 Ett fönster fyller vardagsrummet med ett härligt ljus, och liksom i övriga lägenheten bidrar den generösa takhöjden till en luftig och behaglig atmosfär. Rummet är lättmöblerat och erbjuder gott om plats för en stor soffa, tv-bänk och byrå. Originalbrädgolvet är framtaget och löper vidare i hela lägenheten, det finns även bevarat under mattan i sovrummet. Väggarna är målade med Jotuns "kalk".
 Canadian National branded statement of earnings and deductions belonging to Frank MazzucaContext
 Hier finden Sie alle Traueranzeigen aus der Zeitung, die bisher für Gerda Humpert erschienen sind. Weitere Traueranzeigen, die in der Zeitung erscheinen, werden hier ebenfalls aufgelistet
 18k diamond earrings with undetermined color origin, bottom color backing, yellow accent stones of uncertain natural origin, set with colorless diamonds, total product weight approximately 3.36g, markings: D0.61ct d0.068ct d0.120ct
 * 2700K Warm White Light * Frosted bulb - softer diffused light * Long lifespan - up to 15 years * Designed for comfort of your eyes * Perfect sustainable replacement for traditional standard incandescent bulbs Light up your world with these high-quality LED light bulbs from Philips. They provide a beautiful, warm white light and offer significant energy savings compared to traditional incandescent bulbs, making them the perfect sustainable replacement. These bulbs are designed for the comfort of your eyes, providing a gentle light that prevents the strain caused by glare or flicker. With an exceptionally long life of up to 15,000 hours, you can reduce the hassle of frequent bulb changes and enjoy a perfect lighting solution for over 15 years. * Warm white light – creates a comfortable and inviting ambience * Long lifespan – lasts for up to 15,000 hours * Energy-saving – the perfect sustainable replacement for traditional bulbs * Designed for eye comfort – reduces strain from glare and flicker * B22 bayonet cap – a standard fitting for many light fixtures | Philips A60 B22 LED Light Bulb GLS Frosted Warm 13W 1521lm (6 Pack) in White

________________

*REQUIRED WORK*:
Print each entry above word for word, leaving none out.

*TASK SOLUTION*:
 Ett fönster fyller vardagsrummet med ett härligt ljus, och liksom i övriga lägenheten bidrar den generösa takhöjden till en luftig och behaglig atmosfär. Rummet är lättmöblerat och erbjuder gott om plats för en stor soffa, tv-bänk och byrå. Originalbrädgolvet är framtaget och löper vidare i hela lägenheten, det finns även bevarat under mattan i sovrummet. Väggarna är målade med Jotuns "kalk".
 Canadian National branded statement of earnings and deductions belonging to Frank MazzucaContext
 Hier finden Sie alle Traueranzeigen aus der Zeitung, die bisher für Gerda Humpert erschienen sind. Weitere Traueranzeigen, die in der Zeitung erscheinen, werden hier ebenfalls aufgelistet
 18k diamond earrings with undetermined color origin, bottom color backing, yellow accent stones of uncertain natural origin, set with colorless diamonds, total product weight approximately 3.36g, markings: D0.61ct d0.068ct d0.120ct
 * 2700K Warm White Light * Frosted bulb - softer diffused light * Long lifespan - up to 15 years * Designed for comfort of your eyes * Perfect sustainable replacement for traditional standard incandescent bulbs Light up your world with these high-quality LED light bulbs from Philips. They provide a beautiful, warm white light and offer significant energy savings compared to traditional incandescent bulbs, making them the perfect sustainable replacement. These bulbs are designed for the comfort of your eyes, providing a gentle light that prevents the strain caused by glare or flicker. With an exceptionally long life of up to 15,000 hours, you can reduce the hassle of frequent bulb changes and enjoy a perfect lighting solution for over 15 years. * Warm white light – creates a comfortable and inviting ambience * Long lifespan – lasts for up to 15,000 hours * Energy-saving – the perfect sustainable replacement for traditional bulbs * Designed for eye comfort – reduces strain from glare and flicker * B22 bayonet cap – a standard fitting for many light fixtures | Philips A60 B22 LED Light Bulb GLS Frosted Warm 13W 1521lm (6 Pack) in White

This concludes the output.